I believe that over the course of the next 8 days the
majority of Barristers in independent practice in
exercising their democratic right to vote will shape the
future of our profession.
At stake is our very independence for without
that we are as nothing.
The issues
Our independence has been under attack since the
passing of the Courts and Legal Services Act. It is too
easy to suggest that the cause of the year-by-year
reduction in the work coming to the bar is simply as a
result of those who put economic interests and profit
before justice and the interests of their clients; the
figures are there for all to see but it is not as
straightforward as that.
There has been a massive increase in recent years in
the proportion of Crown Court advocacy undertaken
by solicitors, from barely 5% in 2006-07 to about
24% of trials and about 40% of guilty pleas in 201213. The proportion of double-advocate cases in
which solicitors act as juniors has increased from 8%
in 2007-08 to 26% in 2012-13. These figures will
increase.
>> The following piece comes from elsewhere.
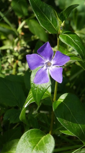Bloeit met knalblauwe tot blauwpaarse bloemen in de maanden februari tot en met mei.

Take a look into the crystal ball. This is
what one firm, Tuckers, has in store. (The Crime
Diary HERE)

The reality behind the growth is complex. Solicitors


have faced reductions in their fees like the Bar and
have accordingly attempted to make profits elsewhere
Now solicitors face a further challenge to their
viability. These challenges will yet again cause them
to consider how to remain afloat. Will it to be to
employ more HCAs so as to keep more fees in-house
or rather to engage more advocates on forms of
referral fees recognizing that properly paid employees
cost too much money in tax, holidays, and pension
provision.
You need not take that from me-this is what our
colleagues in our sister profession say will be the
result of dual contracts.
Our campaign is not intended to be an attack on
solicitors or HCAs but the system which permits these
irregularities, which creates this uneven playing field.
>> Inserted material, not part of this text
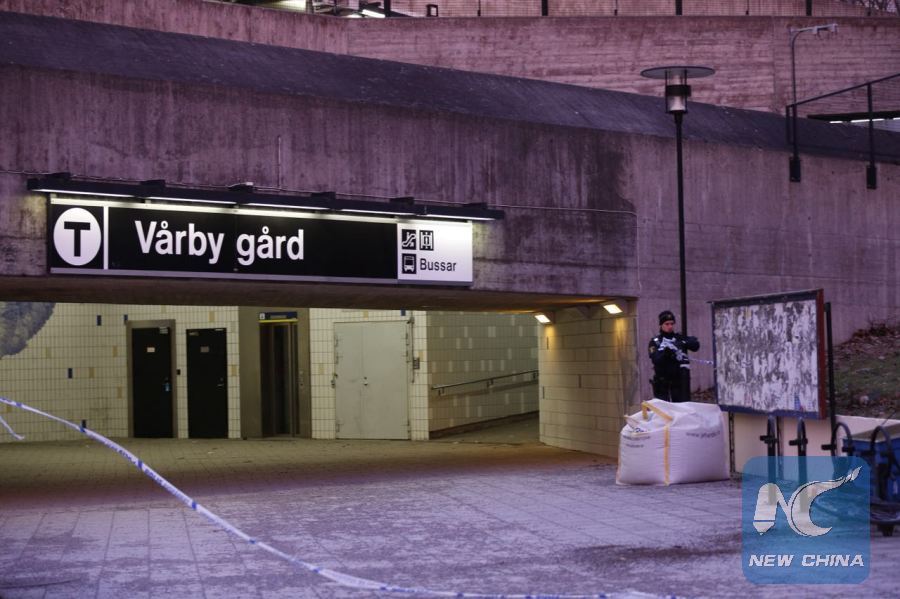 The subway station of Varby Gard in the municipality of Huddinge, 11 kilometers south of Stockholm, Sweden, was closed after an explosion killed one man and wounded a woman on Sunday, on January 7, 2018. (Xinhua/Wei Xuechao)

True it is that the 8.75% cut to fees is swinging,
damaging and unnecessary. It is particularly
pernicious because the last Government said that the
cut was only justified/sustainable if introduced in
parallel with the arrival of two tier on the basis that
extra volume of work would somehow offset the
reduction.
The Survey
The survey asked a simple question. Would you take
action over two tier? 1385 of you made your feelings
known about that issue and that issue alone. 96%
were in favour of action. On the 22ndJune, just two
weeks ago I wrote of the Solicitors ballot: We also
note that their current ballot is not in relation to action
to halt the introduction of two-tier contracts. Once

the outcome of the ballot is known, we will discuss the


appropriate steps we can take to support them. But
whilst the solicitor organisations continue to sign up to
two-tier and propose to take no action to halt their
introduction, the Executive does not believe that we
can propose action on behalf of our members in
relation to their introduction. This is still the view of
the Executive.
Two tier-the subject, which name must not be
spoken in present company
It was on this topic that last week I wrote to each
member of the Big Firms Group. In essence I asked
them if they would join us in fighting Two Tier. This
was the response from Franklin Sinclair on behalf of a
number of the Group. No other has responded.
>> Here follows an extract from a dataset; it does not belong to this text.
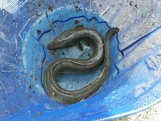 【左】ニホンウナギ   【中】モクズガニ   【右】ミゾレヌマエビ

I can also clearly say that if the 8.75% cut is
withdrawn with a commitment to undertake the
reviews as originally promised and not to bring in any
more cuts until the results of the review are known
then its likely we would withdraw support for action.
We were informed at the Executive last week that
there was talk at the meeting at Garden Court of
Solicitor firms withdrawing their bids for contracts.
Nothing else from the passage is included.